Team Roles


The YCPRT Team is made up of a group of experts and professionals, in addition to the Roundtable Coordinator, who oversees the process. More details about these positions can be found below:


The Coordinator runs youth eligibility reports, schedules PRTs and YCPRTs, and communicates with the YCPRT Team to ensure meetings are coordinated in the best way possible. Coordination responsibilities should be thoroughly discussed to memorialize processes related to eligibility pulling, securing room/meeting locations, and attendee notifications.
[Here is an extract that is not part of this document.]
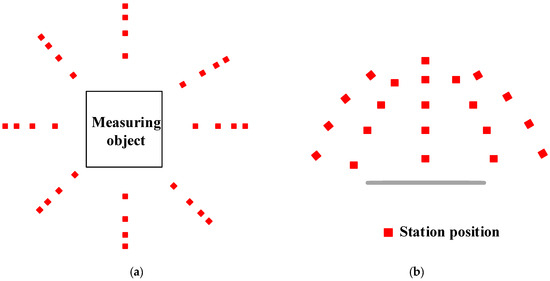 Figure 10. Measurement network diagram: (a) Top view of measurement network; (b) Side view of measurement network.

This role is filled by an individual willing to participate and provide consultation from outside the agency. Many different creative external professionals can fill this role; examples include but are not limited to Guardian Ad Litems, CASA’s, private providers, external peers from other counties, teachers, Mental Health Clinicians, Retired Social Services Workers, etc. The external consultant needs to be “external” in an effort to provide unbiased perspectives and ask questions/give recommendations that agency team members may not always be able or comfortable to do. External Consultants cannot hold another role with the youth (ie: the youth’s Wendy’s Worker or their actual assigned teacher at school). This role does necessitate some knowledge sharing prior to serving.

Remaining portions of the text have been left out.